The problem = Take the lines in the listing below from the line with "蚌埠建院工程建設(shè)有限公司安許證" up to and including the line with "驾驶员-汽车系统是一个闭环控" and set them down exactly, skipping pictures and adding nothing.

Data supplied =
BEGIN
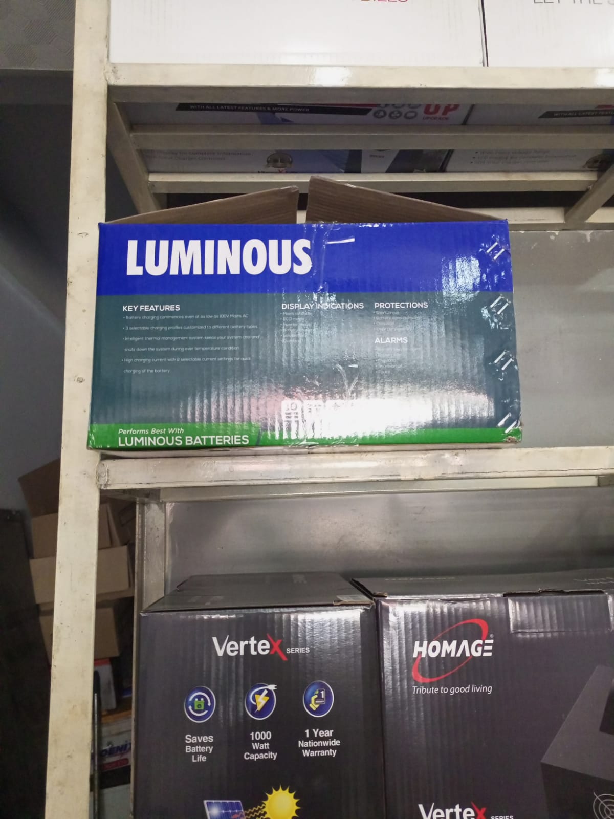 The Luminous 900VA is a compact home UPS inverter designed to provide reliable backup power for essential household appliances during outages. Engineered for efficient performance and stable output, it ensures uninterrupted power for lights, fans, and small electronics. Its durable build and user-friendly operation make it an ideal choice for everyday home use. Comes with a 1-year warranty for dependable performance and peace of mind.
END
BEGIN
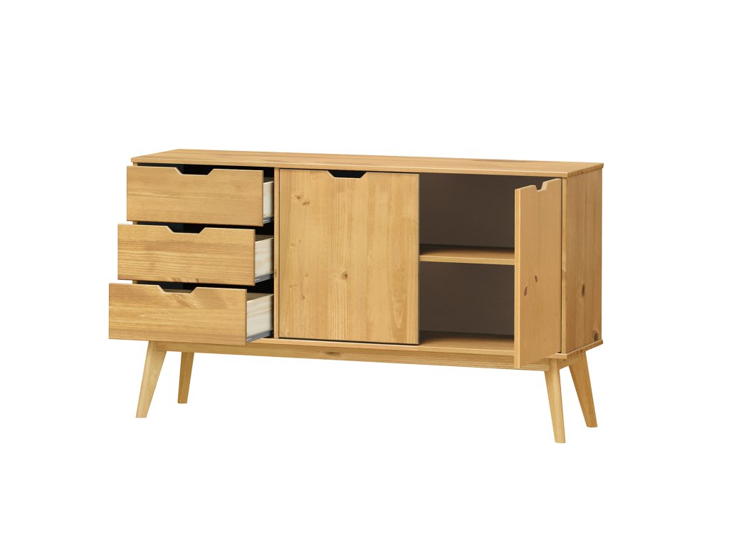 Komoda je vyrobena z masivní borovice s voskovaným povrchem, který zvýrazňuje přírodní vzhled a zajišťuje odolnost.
END
BEGIN
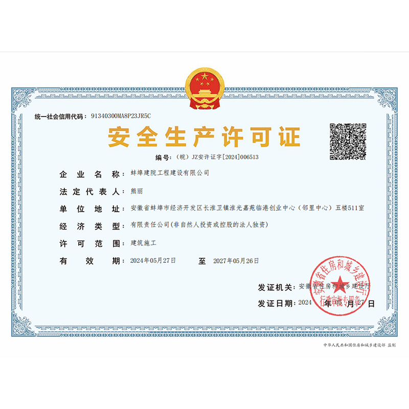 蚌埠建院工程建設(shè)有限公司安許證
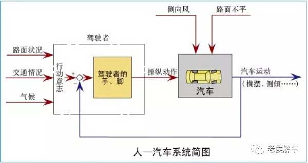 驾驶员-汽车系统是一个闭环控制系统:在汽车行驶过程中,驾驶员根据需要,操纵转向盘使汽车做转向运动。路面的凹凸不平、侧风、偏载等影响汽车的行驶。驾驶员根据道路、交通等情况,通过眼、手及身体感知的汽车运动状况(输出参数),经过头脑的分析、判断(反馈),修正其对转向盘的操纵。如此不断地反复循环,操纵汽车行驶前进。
END
Solution for this problem =
 蚌埠建院工程建設(shè)有限公司安許證
 驾驶员-汽车系统是一个闭环控制系统:在汽车行驶过程中,驾驶员根据需要,操纵转向盘使汽车做转向运动。路面的凹凸不平、侧风、偏载等影响汽车的行驶。驾驶员根据道路、交通等情况,通过眼、手及身体感知的汽车运动状况(输出参数),经过头脑的分析、判断(反馈),修正其对转向盘的操纵。如此不断地反复循环,操纵汽车行驶前进。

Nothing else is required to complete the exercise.